Cantonese Braised Beef Brisket

I hadn't come across an eatery that is ballsy enough to declare siesta during dinner time - the daily madantory six to eight pm. Nor as obscurely located on a dead end back alley street on the fringe of Hong Kong soho that consist of no other businesses but them. Kau Kee, this small, always crowded outlet has one specialty: braised beef brisket so delicate and the squelchy tendon clouds, the menu comes with the option of curried or standard. served over noodles and broth.
That was my first year in Hong Kong. In the early 2000s. Hongkong had and always been a heaven for job seekers. Especially for the young and adventurous, ready-to-see-it-all, freshly out of grad school bunch.
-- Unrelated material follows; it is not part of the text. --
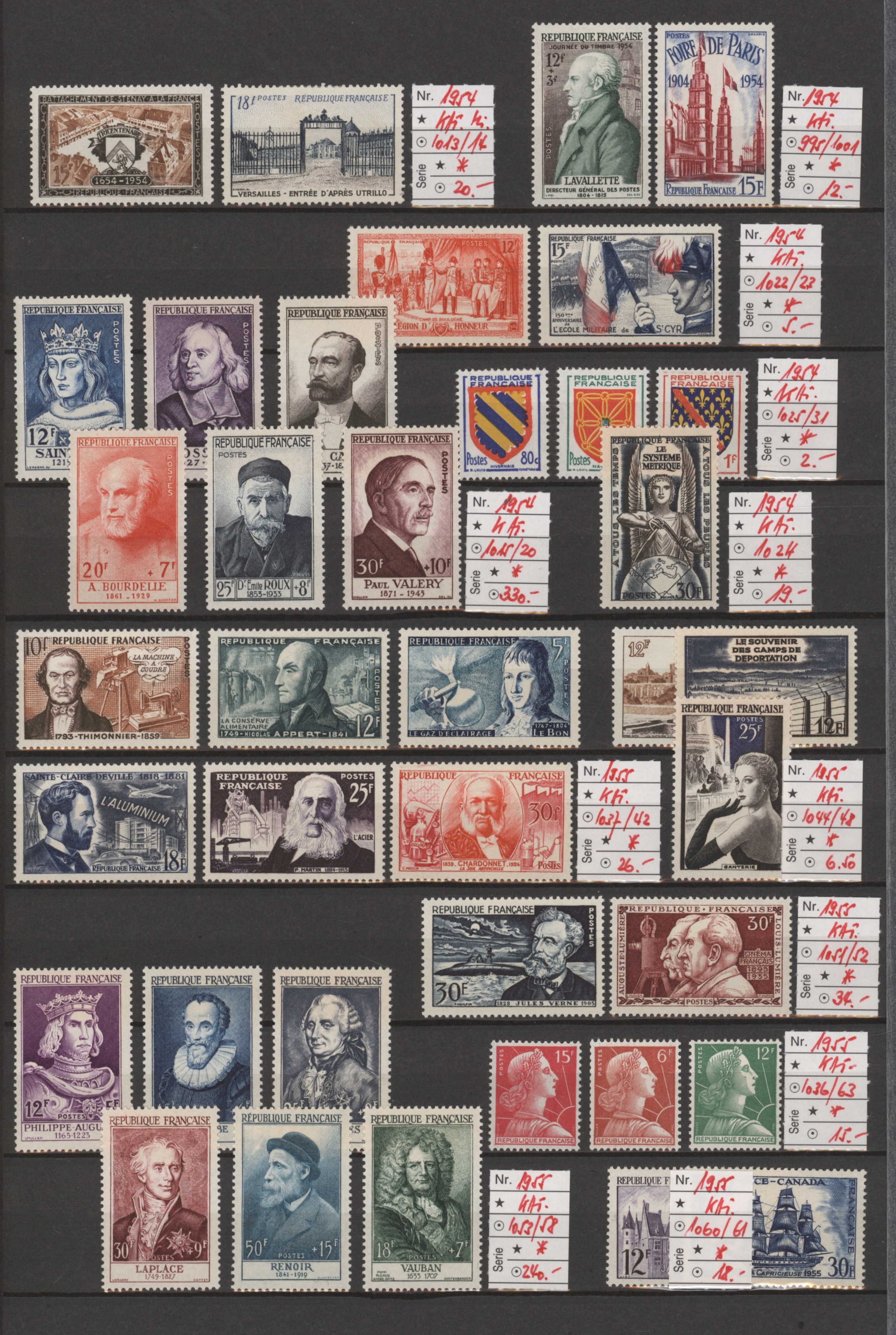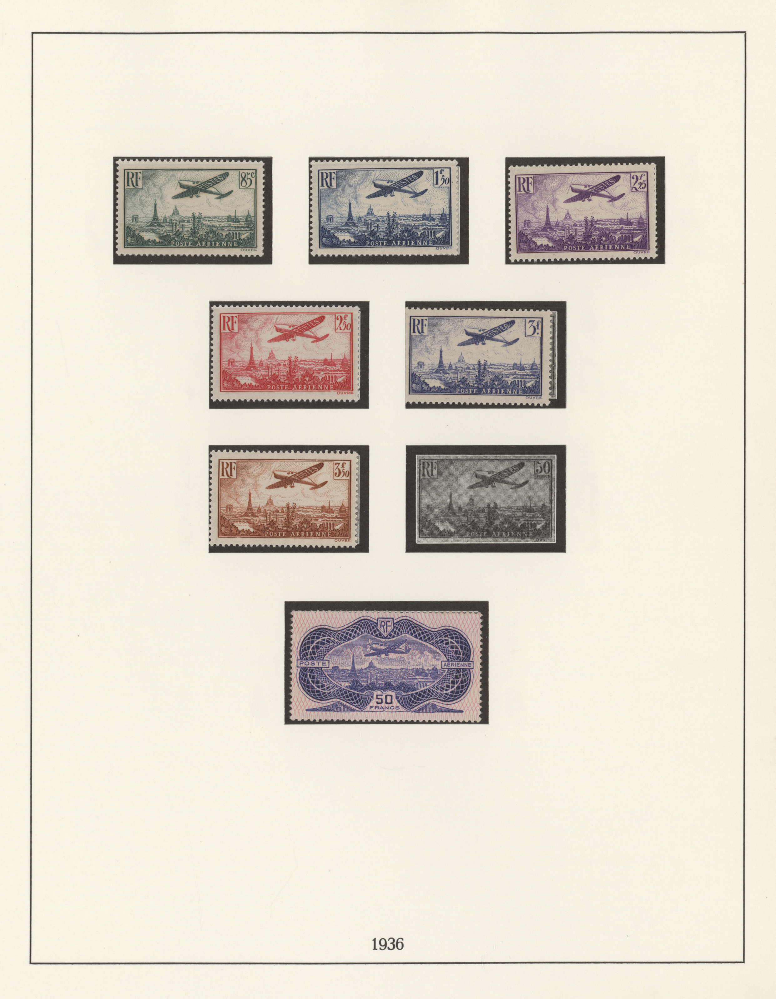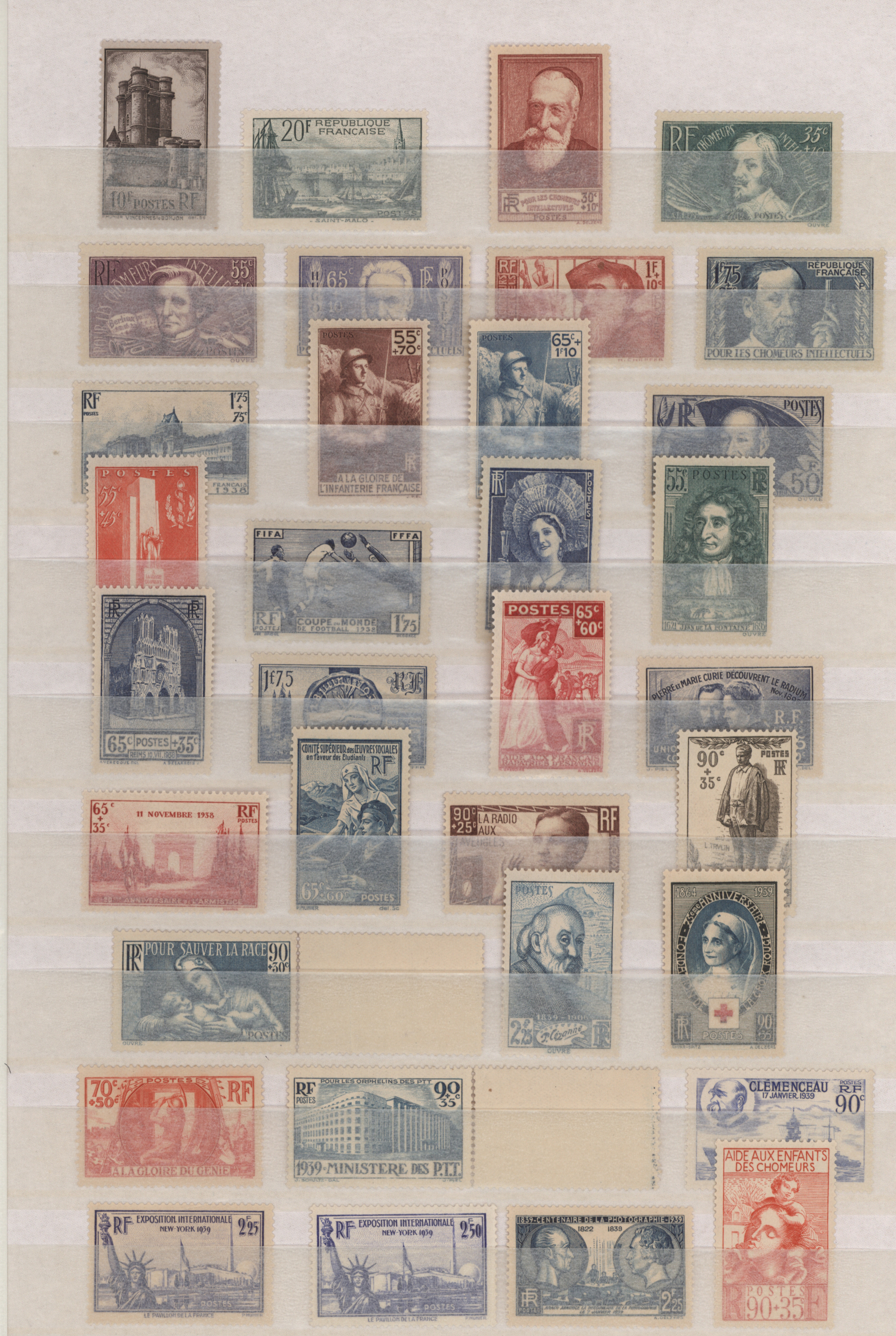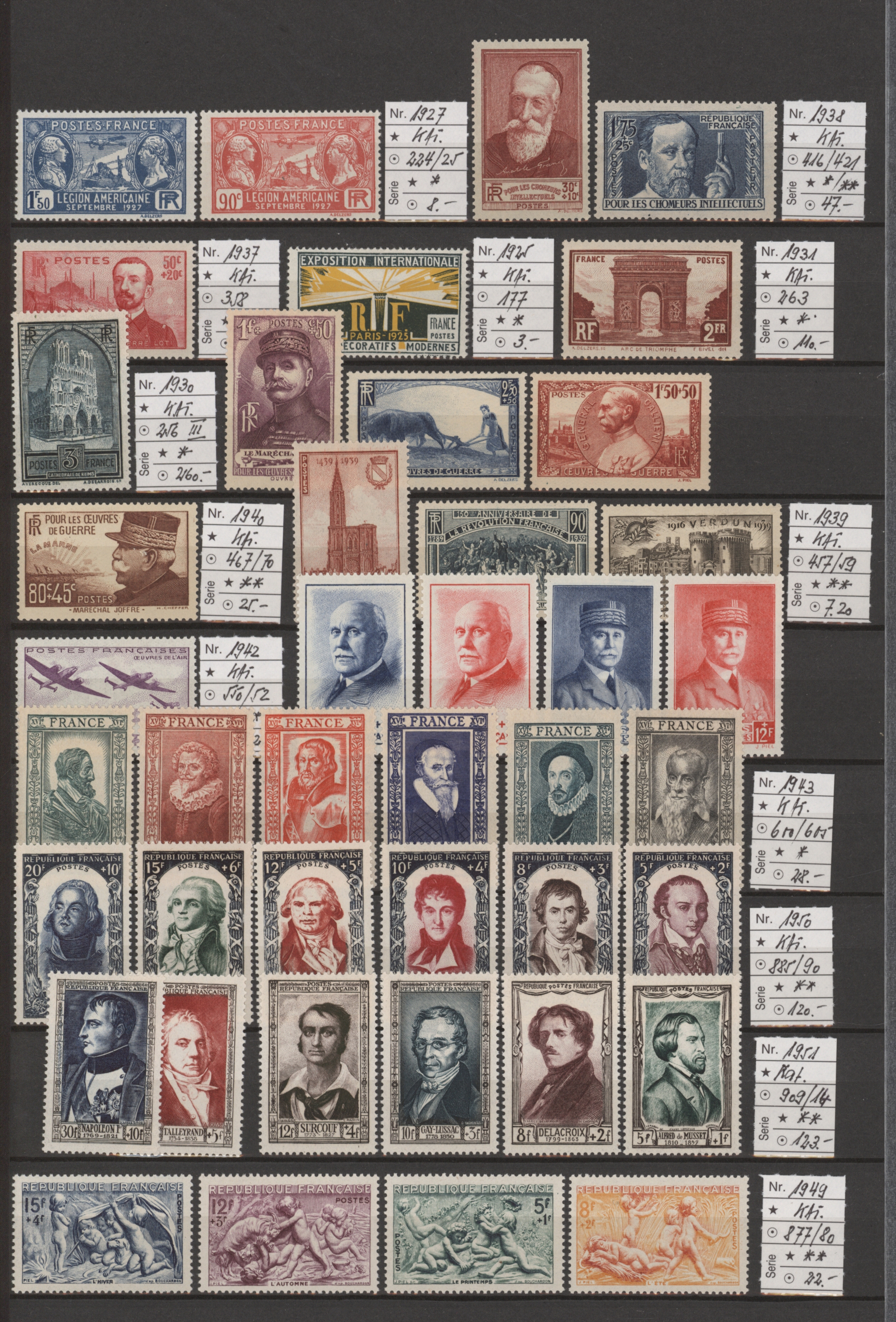 Airmail 1936 50fr. Burelage and 10fr. Atlantic crossing, 1937 Louvre, Famous Frenchmen sets, nice Back of Book, etc. High cat.value!
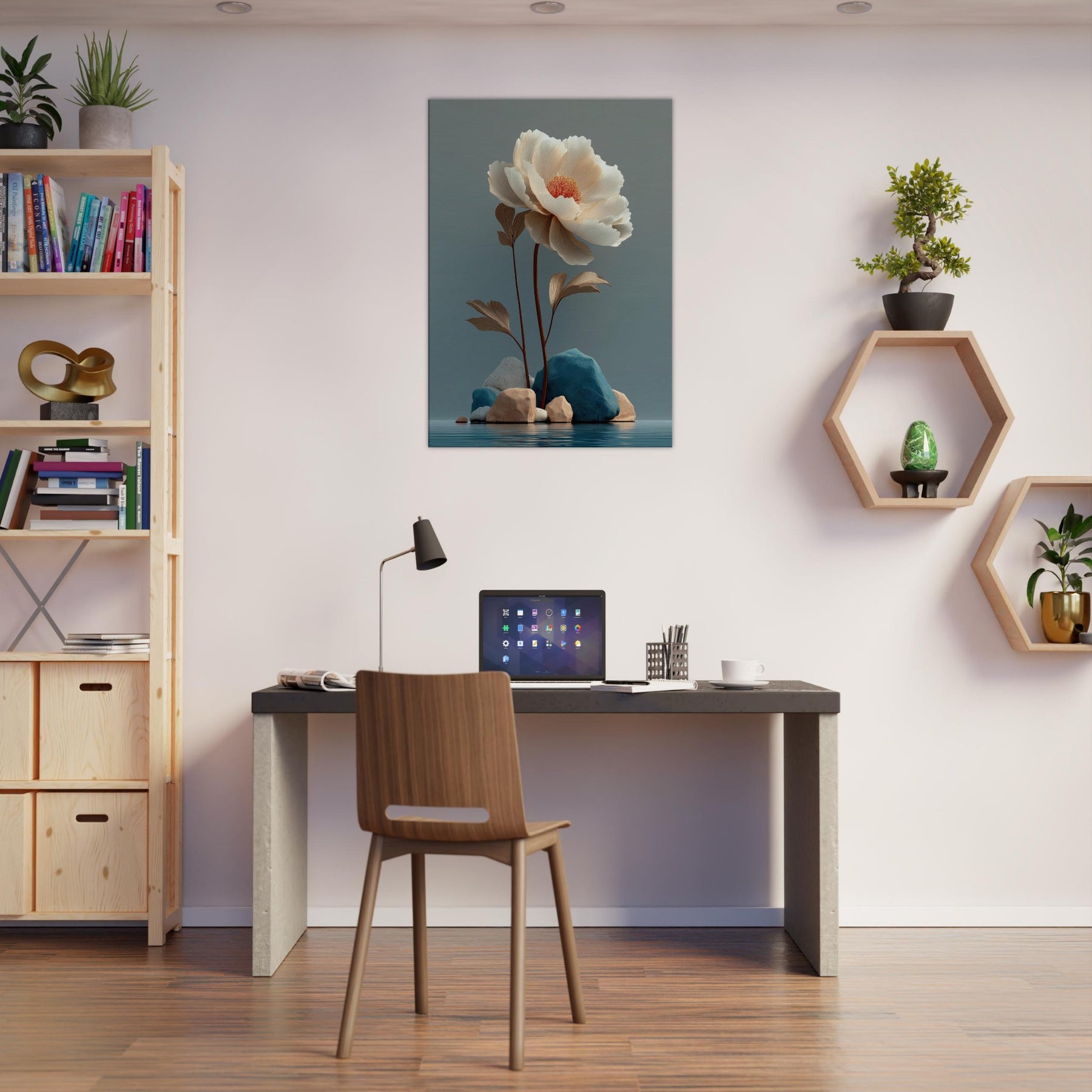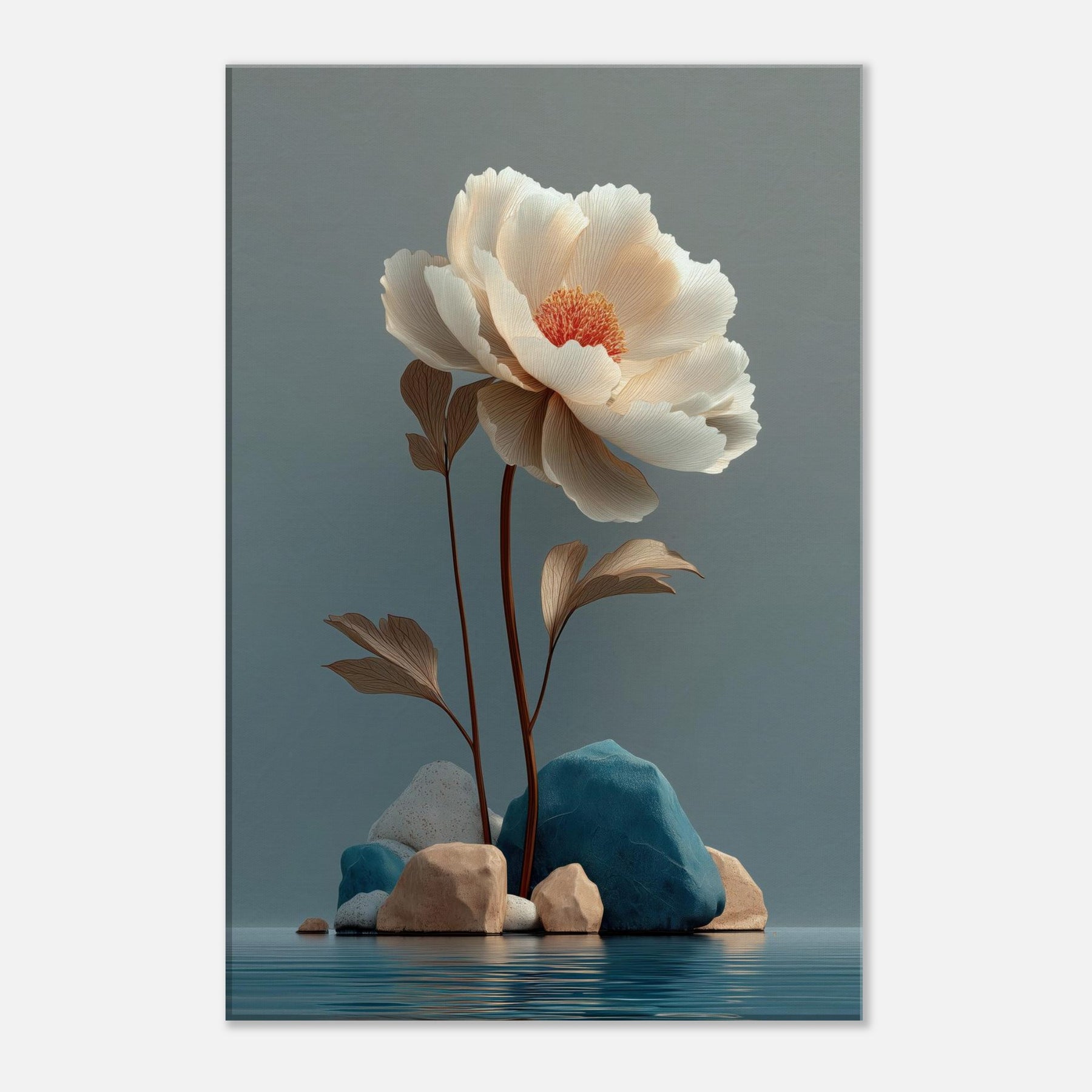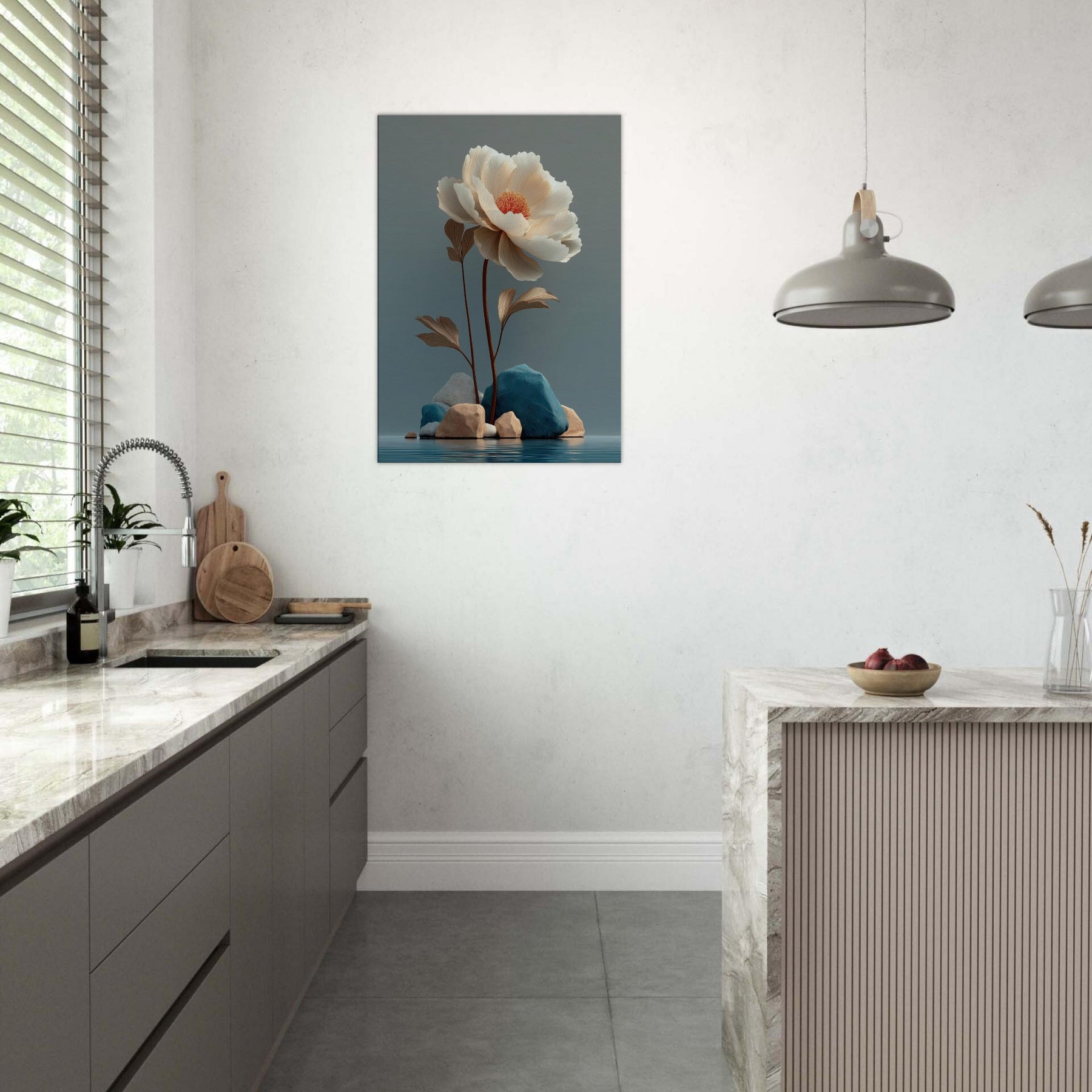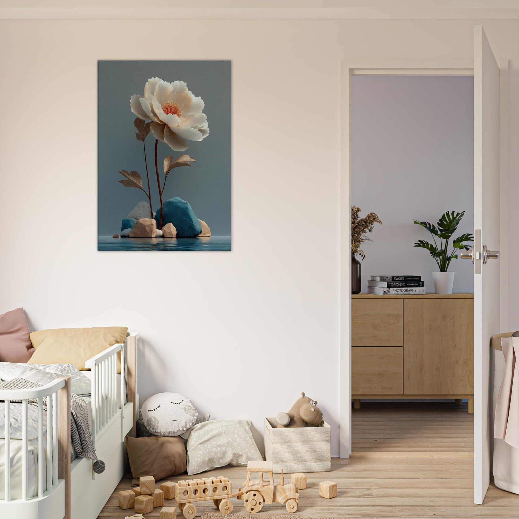 Softly luminous and otherworldly, this Peony the Primary Subject floats above a quiet shoreline of stones and water, a study in balance between fragility and strength. The petals unfurl in creamy whites with a coral heart, while slender stems anchor the dreamlike bloom in a surreal, still world. The work invites calm, contemplative light into a living room, bedroom, or study, pairing tactile detail with luminous color to transform walls into a hypnotic focal point an invitation to pause, breathe, and rediscover wonder.

We love the alluring vibe of this never-sleeping city. There's just too much to see, eat, drink and do. That's was me and another of my sister's friend whom had declared moving to Hong Kong. We've hang out so closely with each other because we hadn't got much to do yet, apart from sending out resumes and wait for the interviews. My sister, posted there much earlier, was already working and most days, three of us wll meet up at dinner. In the afternoon, we will exchange emails and research on where to eat. We had heard so much about this particular beef brisket noodles shop that we set forth our adventure one evening in search of this.

Afraid there will be a long line, we were there earlier waiting for them to open. As soon as the doors swing open, people rushed in occupying the tables. The dining area was set up with a few big round tables with tools under them and a stack of chopsticks in the middle of each. The room was filled up in a minute. We three were squashed into a table big enough for eight but sat ten tightly. Among us were strangers, one by one they began to shout out their orders to the embittered waiters. Not knowing what to order, we did the same, repeating the orders from the guy beside us, multiplied by three. The waiter came back glasses of complimentary Chinese tea setting so hard that half the glass of hot tea will be spilled on the table. Our neighbors would wash their chopsticks in the tea glasses, nobody actually drink them. Before long, streaming bowls where brought to our table. Everyone just dipped in.There’s something quite magical about their brisket stews: It was rumored that the massive cauldron had been rumbling for as long as they are open almost close to a century. Discarding the old and tossing new ingredient in every day. There’s an element of wizardry, stones stewing in broth until the briskets and tendons turn into fork tender magical nuggets with a light yet deeply flavorful broth. There isn't any other beef brisket noodles as life changing and sensational as them. I've fell in love.
Serves 10
1kg beef brisket, trim fat and cut into chucks
500g beef tendon, cut into chunks
500g daikon/white radish, peeled and cut into big cubes
1 liter chicken stock or enough to immerse all the ingredients
100g old ginger, cut into thick slices
5 small shallots or 2 larger shallots, finely minced
4 cloves of garlic, finely minced

1 teaspoon cardamon (about 5)
1 dried tangerine peel
1-2 cinnamon stick
3-4 star anise
½ teaspoon white pepper
3-4 bay leaf

100g Chu Hou sauce (Lee Kum Kee or Homemade)
2 pieces of red fermented bean curd
1 teaspoon five-spice powder
2 heap tablespoon sugar
2 tablespoon soy sauce
100 ml yellow rice wine (can be replaced with shaoxing wine)
1 tablespoon dark soy sauce

Add some oil to pot, brown the chunks of beef and tendons. Transfer to a large plate or bowl and set aside. In the same pot, stir fry minced shallots, garlic and ginger slices until aromatic.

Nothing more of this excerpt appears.